L’apparence exacte de la boîte de dialogue de confirmation peut varier entre les appareils et les versions de Power Apps.
La boîte de dialogue de confirmation ne s’affiche pas dans Power Apps Studio.
ConfirmExitMessage
Par défaut, la boîte de dialogue de confirmation affiche un message générique, tel que « Vous avez peut-être des modifications non enregistrées. » dans la langue de l’utilisateur.
Utilisez ConfirmExitMessage pour fournir un message personnalisé dans la boîte de dialogue de confirmation. Si cette propriété est blank, la valeur par défaut est utilisée. Les messages personnalisés sont tronqués selon les besoins de la boîte de dialogue de confirmation, donc conservez le message sur quelques lignes au maximum.
Dans un navigateur, la boîte de dialogue de confirmation peut afficher un message générique à partir du navigateur.
Exemple
Définissez la propriété ConfirmExit de l’objet appli à cette expression :
AccountForm.Unsaved Or ContactForm.UnsavedLa boîte de dialogue s’affiche si l’utilisateur modifie les données dans l’un ou l’autre formulaire, puis tente de fermer l’application sans enregistrer ces modifications.
Définissez la propriété ConfirmExitMessage de l’objet appli à cette formule :
If( AccountForm.Unsaved, "Accounts form has unsaved changes.", "Contacts form has unsaved changes." )La boîte de dialogue affiche un message spécifique au formulaire lorsque l’utilisateur modifie les données dans l’un ou l’autre formulaire, puis tente de fermer l’application sans enregistrer ces modifications.
Propriété de chaîne de connexion
Utilisez la propriété chaîne de connexion pour exporter les journaux d’application générés par le système vers Application Insights.
Pour définir la chaîne de connexion :
- Ouvrez votre application pour la modifier dans Power Apps Studio.
- Sélectionner objet Application depuis l’arborescence sur la arborescence de gauche.
- Entrez la chaîne de connexion dans le volet propriétés.

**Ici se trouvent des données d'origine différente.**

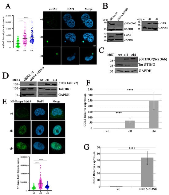 Different studies have reported the involvement of cytoplasmic DNA in the activation of the cGAS/STING pathway through cGAS localization to micronuclei and binding to micronuclear DNA []. To verify whether the presence of self-DNA in the cytoplasm, mediated by NONO silencing, triggers cGAS localization in micronuclei [], we performed confocal microscopy analysis. As illustrated in Figure 3A, shNONO clones revealed a strong enrichment of cGAS signal in micronuclei compared to controls []. Western blot analysis of cGAS protein levels confirmed its upregulation both in MDA-MB-231 siNONO and shNONO cell clones (Figure 3B), suggesting that the upregulation of cGAS protein is not a clone-dependent phenomenon. Upon DNA binding, cGAS produces, as a second messenger, a cyclic guanosine monophosphate-adenosine monophosphate (cGAMP), which activates the adaptor protein STING, leading to Tank-binding kinase-1 (TBK1) activation [,]. First, we used Western blot analysis to examine STING phosphorylation at Serine 366 (S366), which reflects its activation [], revealing its signal in NONO-depleted cells but not in control cells (Figure 3C). We consistently demonstrated increased TBK1 phosphorylation at Serine 172 (S172) [] in NONO-depleted cells (Figure 3D). Considering that TBK1 and its homolog IκB kinase epsilon (IKKε) can activate the IKK complex, thereby mediating the activation of the transcription factor nuclear factor κB (NF-κB) [], we analyzed the nuclear immunofluorescence intensity of NF-κB, showing an increased signal in shNONO clone cells (Figure 3E). Overall, our data suggest that NONO modulation induces micronuclear formation, leading to the release of DNA into the cytoplasm and activation of the cGAS/STING pathway. To further investigate whether NF-κB activation contributes to the induction of immune response genes following NONO silencing, we analyzed the expression of CC Motif Chemokine Ligand 5 (CCL5), a well-known NF-κB target gene []. Using qRT-PCR, we observed a significant upregulation of CCL5 mRNA levels in both shNONO cell clones and MDA-MB-231 siNONO-transfected cells compared to their respective controls (Figure 3F,G). These findings indicate that activation of the cGAS/STING/TBK1/NF-κB axis in the absence of NONO culminates in NF-κB-dependent transcriptional activation of pro-inflammatory genes such as CCL5, reinforcing the role of NONO in maintaining immune response.

Si les données ne sont pas envoyées à Application Insights, contactez votre administrateur Power Platform et vérifiez si Application Insights est désactivé au niveau du locataire.
Propriété des formules
Utilisez la propriété Formulas pour définir une logique réutilisable dans votre application. La propriété Formulas prend en charge trois constructions :
- Formules nommées : attribuez un nom à une formule et réutilisez la valeur dans l’application.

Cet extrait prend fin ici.